- **WHAT IS REQUIRED**:
Beneath this line sits some data. Return only its lines from the one holding "会议最后,邹剑寒董事长现场为高尔夫酒签名并与贾鹏钊经理合影留念。" through the one holding "После активации производительного", inclusive, exactly, with the images removed.

- **RECORD SET**:
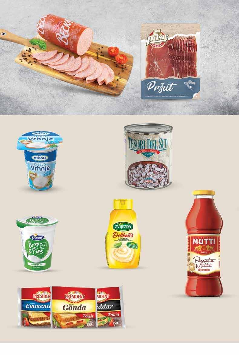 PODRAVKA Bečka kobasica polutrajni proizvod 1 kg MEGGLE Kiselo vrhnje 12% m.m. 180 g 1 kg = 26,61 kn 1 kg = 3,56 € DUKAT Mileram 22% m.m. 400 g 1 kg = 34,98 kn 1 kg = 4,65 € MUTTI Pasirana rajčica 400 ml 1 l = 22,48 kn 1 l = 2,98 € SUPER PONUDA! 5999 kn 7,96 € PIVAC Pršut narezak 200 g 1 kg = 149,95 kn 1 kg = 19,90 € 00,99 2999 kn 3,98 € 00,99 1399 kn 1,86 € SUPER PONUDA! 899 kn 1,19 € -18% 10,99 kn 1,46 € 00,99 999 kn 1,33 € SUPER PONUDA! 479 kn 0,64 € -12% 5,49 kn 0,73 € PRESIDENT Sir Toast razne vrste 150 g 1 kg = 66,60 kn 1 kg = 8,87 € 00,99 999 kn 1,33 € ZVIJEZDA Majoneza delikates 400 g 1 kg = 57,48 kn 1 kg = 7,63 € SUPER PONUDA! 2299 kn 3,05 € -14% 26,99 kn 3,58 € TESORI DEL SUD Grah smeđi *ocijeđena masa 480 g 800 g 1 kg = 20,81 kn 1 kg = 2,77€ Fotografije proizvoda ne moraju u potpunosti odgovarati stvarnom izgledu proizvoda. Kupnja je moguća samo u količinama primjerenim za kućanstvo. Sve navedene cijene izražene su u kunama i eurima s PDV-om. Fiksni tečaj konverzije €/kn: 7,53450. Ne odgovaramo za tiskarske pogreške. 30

==

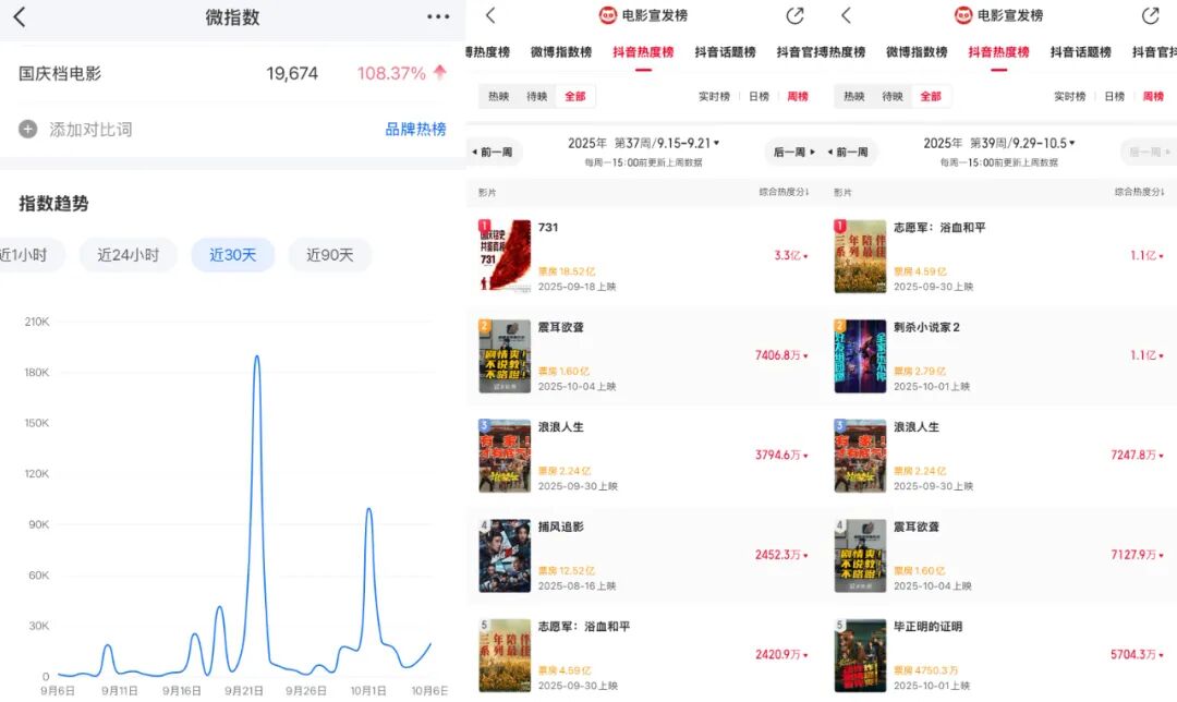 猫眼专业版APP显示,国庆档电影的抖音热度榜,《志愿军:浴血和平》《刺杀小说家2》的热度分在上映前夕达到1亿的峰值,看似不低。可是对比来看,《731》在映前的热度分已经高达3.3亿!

---

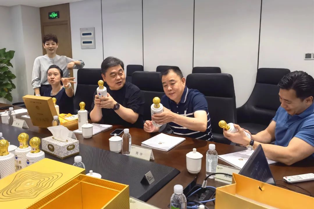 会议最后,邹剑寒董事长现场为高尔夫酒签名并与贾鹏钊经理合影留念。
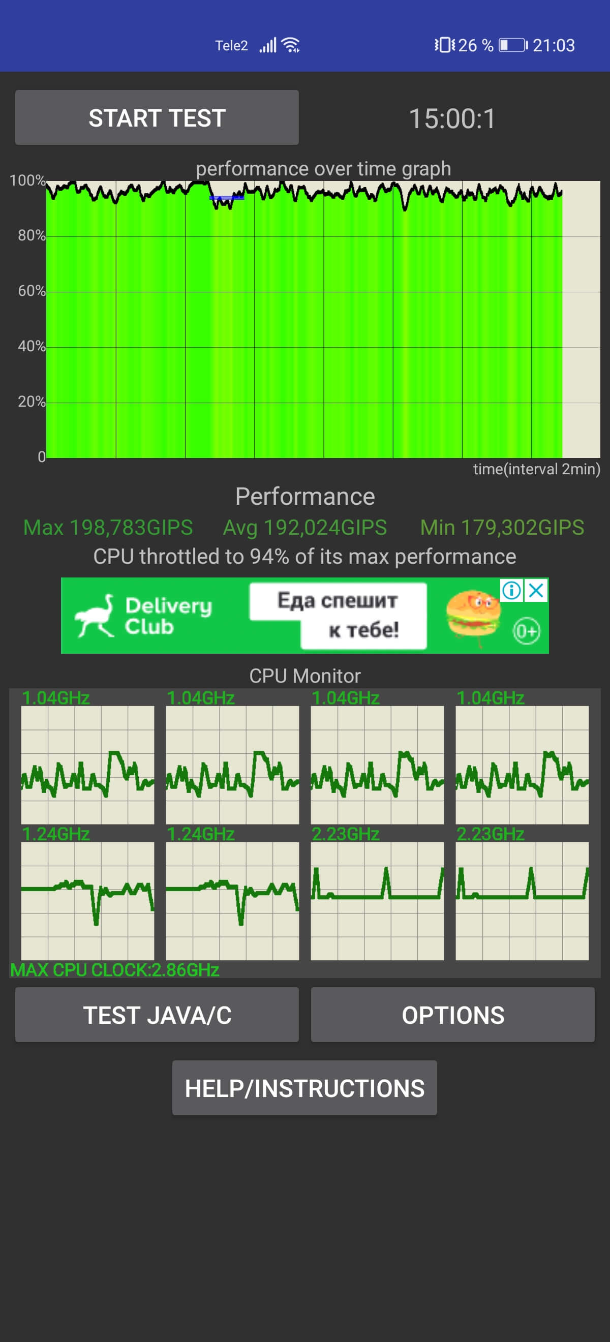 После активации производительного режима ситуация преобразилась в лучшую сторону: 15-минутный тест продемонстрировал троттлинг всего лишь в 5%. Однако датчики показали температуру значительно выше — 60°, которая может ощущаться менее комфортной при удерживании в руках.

- **ANSWER SPACE**:
 会议最后,邹剑寒董事长现场为高尔夫酒签名并与贾鹏钊经理合影留念。
 После активации производительного режима ситуация преобразилась в лучшую сторону: 15-минутный тест продемонстрировал троттлинг всего лишь в 5%. Однако датчики показали температуру значительно выше — 60°, которая может ощущаться менее комфортной при удерживании в руках.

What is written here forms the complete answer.